Evaluating LLMs on Document-Based QA: Exact Answer Selection and Numerical Extraction using Cogtale datase

Document-based Question-Answering (QA) tasks are crucial for precise information retrieval. While some existing work focus on evaluating large language model's performance on retrieving and answering questions from documents, assessing the LLMs' performance on QA types that require exact answer selection from predefined options and numerical extraction is yet to be fully assessed. In this paper, we specifically focus on this underexplored context and conduct empirical analysis of LLMs (GPT-4 and GPT 3.5) on question types, including single-choice, yes-no, multiple-choice, and number extraction questions from documents. We use the Cogtale dataset for evaluation, which provide human expert-tagged responses, offering a robust benchmark for precision and factual grounding. We found that LLMs, particularly GPT-4, can precisely answer many single-choice and yes-no questions given relevant context, demonstrating their efficacy in information retrieval tasks. However, their performance diminishes when confronted with multiple-choice and number extraction formats, lowering the overall performance of the model on this task, indicating that these models may not be reliable for the task. This limits the applications of LLMs on applications demanding precise information extraction from documents, such as meta-analysis tasks. However, these findings hinge on the assumption that the retrievers furnish pertinent context necessary for accurate responses, emphasizing the need for further research on the efficacy of retriever mechanisms in enhancing question-answering performance. Our work offers a framework for ongoing dataset evaluation, ensuring that LLM applications for information retrieval and document analysis continue to meet evolving standards.

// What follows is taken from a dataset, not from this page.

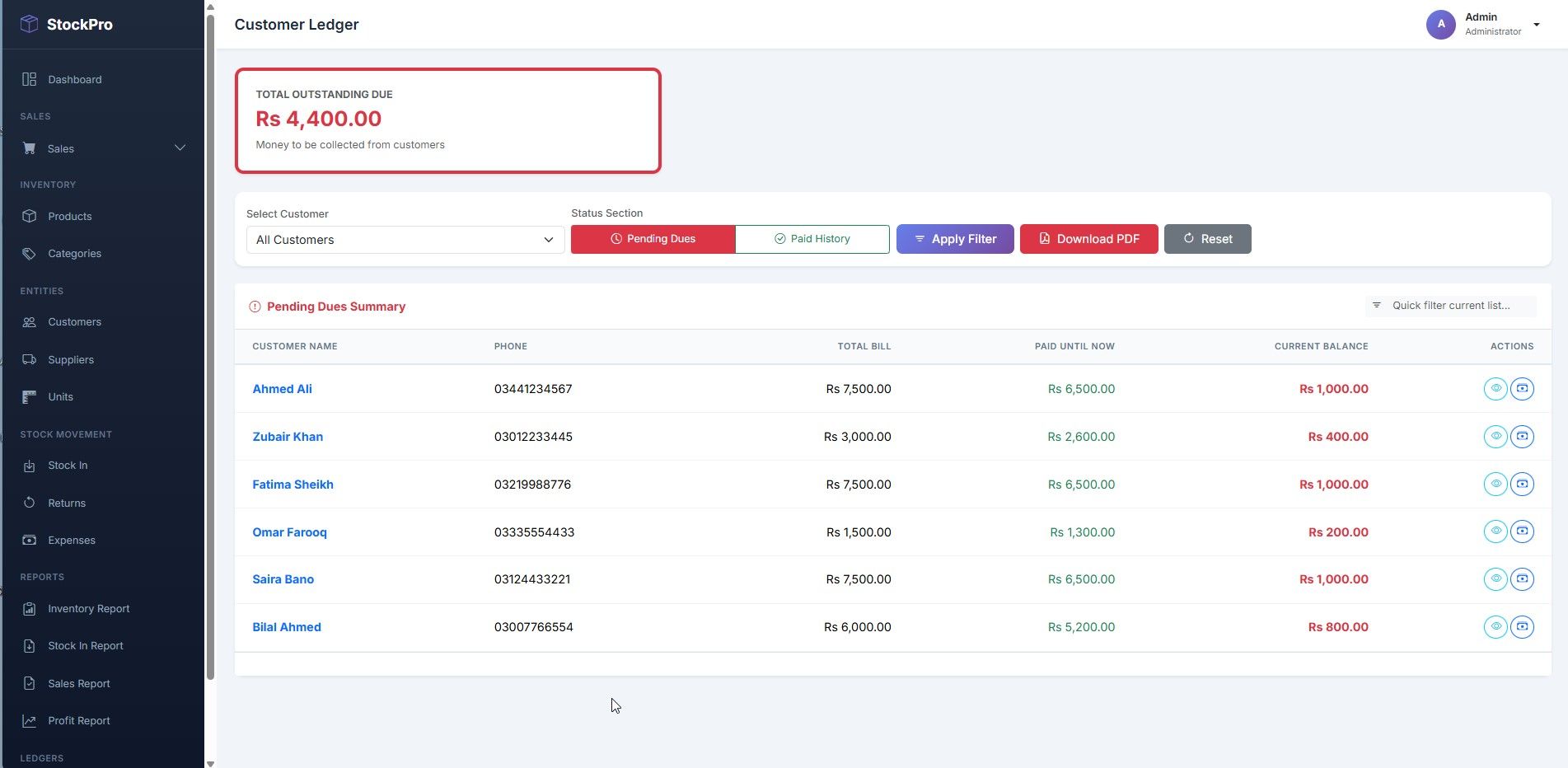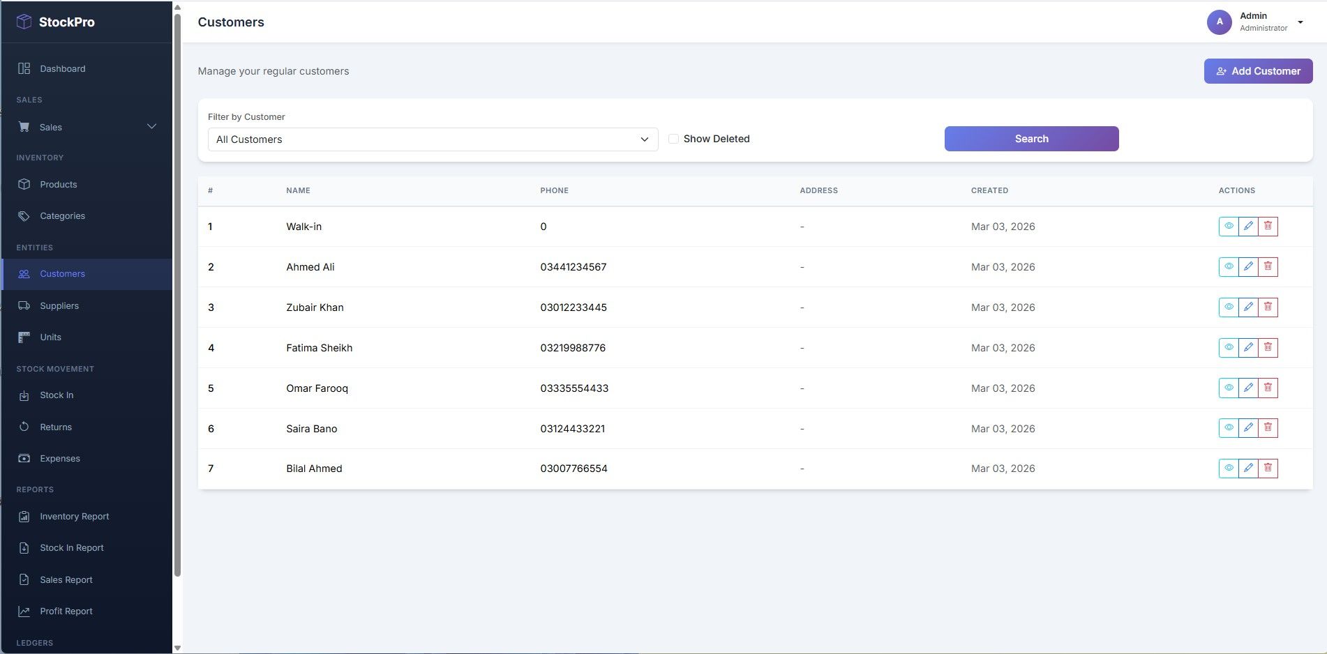 StockPro is a powerful and easy-to-use POS & Inventory Management System designed for retail stores and small businesses. Manage sales, invoices, stock, expenses, and customer ledgers with real-time reports and a user-friendly dashboard.

翻译：文档问答任务对于精确信息检索至关重要。尽管现有部分研究评估了大语言模型在文档检索与问答方面的性能，但针对需要从预定义选项中精确选择答案以及进行数值提取的问答类型，模型表现仍有待全面评估。本文专门聚焦这一未被充分探索的领域，对GPT-4和GPT-3.5等大语言模型在文档中的单选题、是非题、多选题及数字提取题等题型进行了实证分析。我们采用包含人类专家标注答案的Cogtale数据集进行评估，该数据集为精确性和事实基础提供了稳健基准。研究发现，大语言模型（尤其是GPT-4）在获取相关上下文时能精确回答许多单选题和是非题，展现了其在信息检索任务中的有效性。然而，面对多选题和数字提取格式时模型性能显著下降，导致整体任务表现降低，表明这些模型可能无法可靠胜任此类任务。这限制了LLM在需要从文档中精确提取信息的应用场景（如元分析任务）中的使用。但上述发现基于"检索器能提供准确作答所需的相关语境"这一假设，凸显了进一步研究检索机制对增强问答性能作用的重要性。本研究为持续的数据集评估提供了框架，确保用于信息检索和文档分析的大语言模型应用能持续满足不断演进的标准。